Mengeringkan Wafer MEMS: Mengapa Kita Beralih ke Penggunaan Sinar Infra Merah
Saat berurusan dengan sensor MEMS, risikonya sangat tinggi. Kita perlu menghilangkan setiap tetes kelembapan yang ada, tetapi jika proses pengeringannya dilakukan secara berlebihan, struktur mikro yang halus tersebut akan rusak.
Selama ini, kita menggunakan udara panas untuk mengeringkan wafer. Namun, cara ini membutuhkan waktu yang lama. Kita beralih ke penggunaan sinar inframerah karena, sejujurnya, tidak ada yang mau membuang waktu berjam-jam hanya untuk menunggu wafer kering.
Perbedaan kecepatannya sangat signifikan.

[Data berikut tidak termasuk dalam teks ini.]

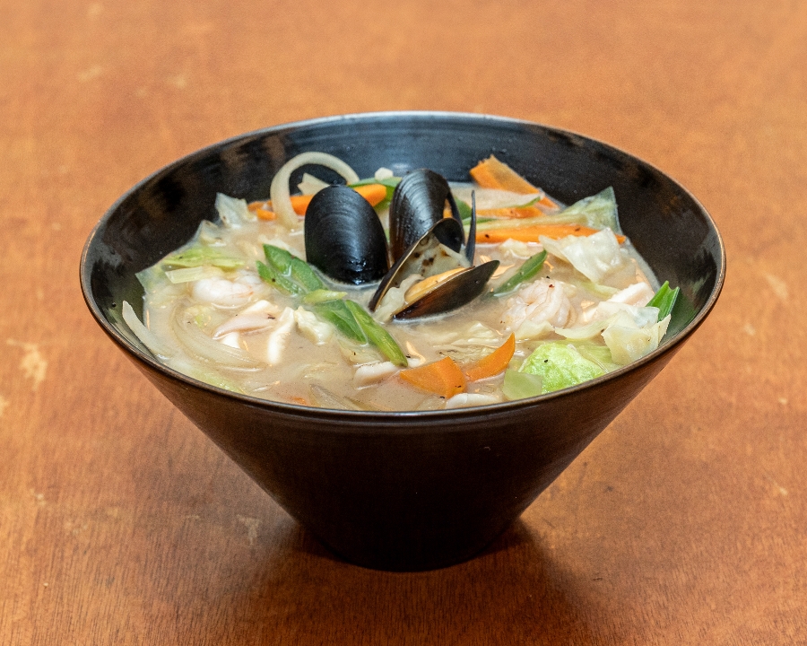 Japanese style seafood noodle with variety of seafoods and vegetables in pork broth.
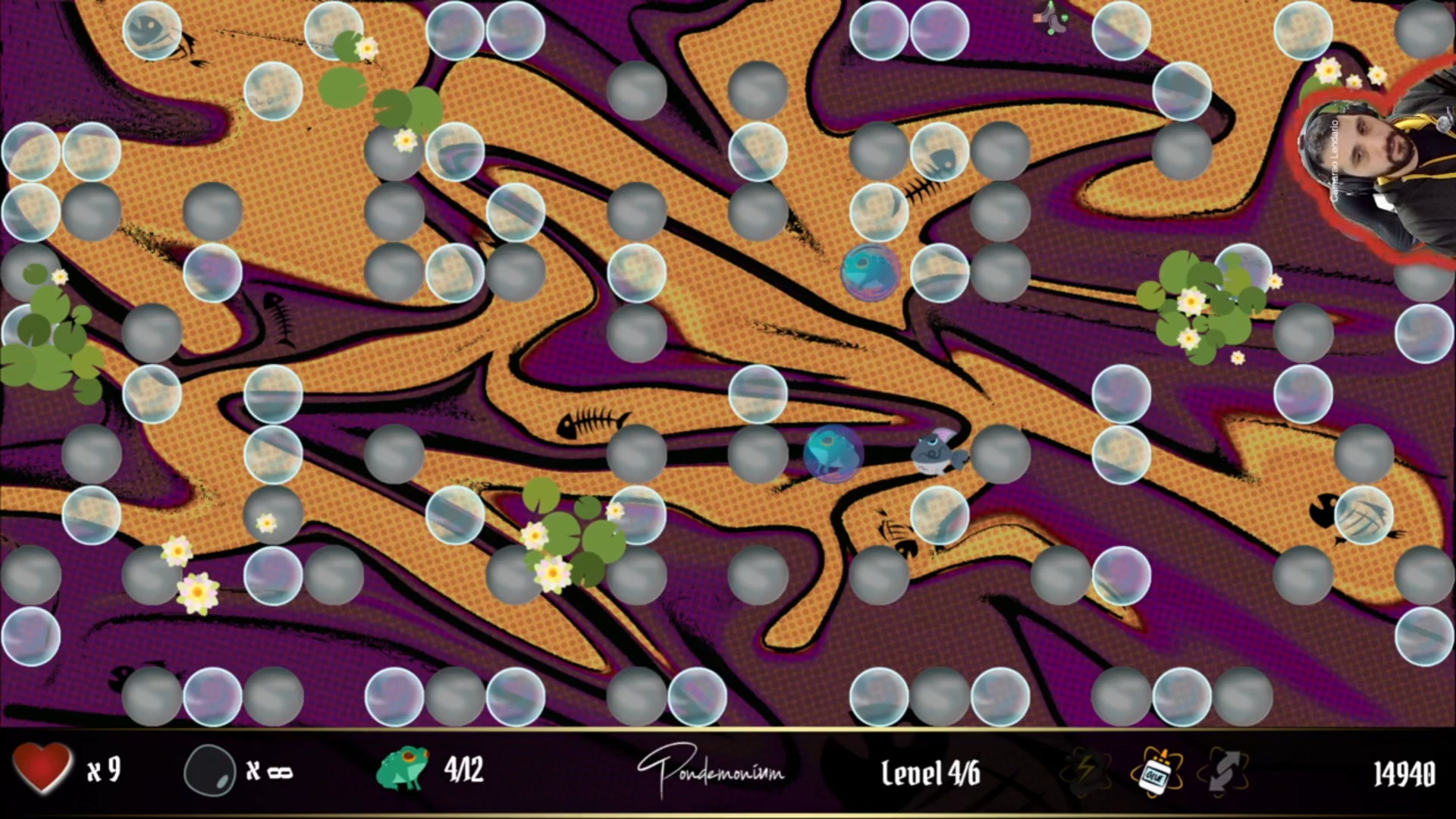 In Pondemonium, you control Charlie, a quirky catfish, who is rampaging through a maze-like pond, blasting frogs, dodging bullets of pure frog spit (nasty!!!), and turning the wetlands into a warzone. Inspired by Battle City, but slimier, sillier, and significantly more aquatic.
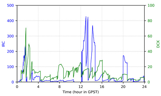 Figure 9 shows the ratio-test results of the IRC and DCK experiments based on Cube at station AREQ on DOY 039 in 2021. Clearly, the ratio-test value of the IRC model for station AREQ is significantly higher than that of the DCK model for the ambiguity-fixed solution. This suggests that the ambiguity-fixed solution of the IRC model is highly reliable. It also indicates that the DCK model has a greater difficulty in determining the optimal integer ambiguity, and therefore a more stringent AR method should be used to assist in calculations. Additionally, the figure shows that around 1 h, the IRC model achieves a fixed solution before the DCK model. This can be attributed to the fact that the IRC model defines the wide-lane ambiguity bias as a constant throughout the day, while the DCK model considers the possibility of this bias changing and defines it as a time-varying parameter. As a result, the wide-lane ambiguity takes longer to be fixed in the DCK model, and the superiority of the optimal solution over the suboptimal solution is diminished.

Coba bayangkan menggunakan udara panas: Anda perlu memanaskan udara terlebih dahulu, lalu mendorongnya ke seluruh bagian wafer. Proses ini membutuhkan waktu yang lama. Berbeda dengan sinar inframerah; energinya langsung mencapai wafer dalam waktu singkat. Tidak perlu menunggu udara menjadi panas. Di pabrik yang sibuk, hal ini membuat proses pengeringan yang dulunya membutuhkan beberapa menit kini hanya membutuhkan beberapa detik saja.
Tetapi kita tidak bisa sembarangan menggunakan sinar inframerah.
Jika kita meningkatkan intensitas cahaya secara berlebihan, maka tepi-tepi wafer akan rusak atau terjadi tegangan termal yang merusak wafer tersebut. Itulah mengapa kita perlu memilih panjang gelombang yang tepat. Kami menggunakan sinar inframerah berpanjang gelombang pendek, karena sinar ini dapat menembus wafer lebih dalam dan lebih cepat, sehingga cocok untuk proses pengeringan yang cepat.
Tetapi ada tantangannya juga.
Sinar inframerah memang sangat cepat, tetapi efektivitasnya tergantung pada garis pandangnya. Udara panas dapat menyelimuti permukaan wafer, tetapi sinar inframerah hanya dapat mencapai bagian-bagian yang terlihat olehnya. Jika wafer memiliki bentuk yang tidak rata atau ada bagian-bagian yang tertutup, maka akan terbentuk titik-titik dingin di permukaan wafer. Kita perlu menyesuaikan posisi lampu dan reflektor agar setiap milimeter permukaan wafer terpapar sinar inframerah.
Selain itu, kita juga perlu memperhatikan sistem pendinginan. Jika energi yang digunakan terlalu besar, maka suhu di dalam ruang pabrik akan naik drastis. Jika sistem pendinginan tidak memadai, suhu di dalam ruang pabrik akan menjadi tidak stabil, dan kita harus berusaha keras untuk menstabilkannya.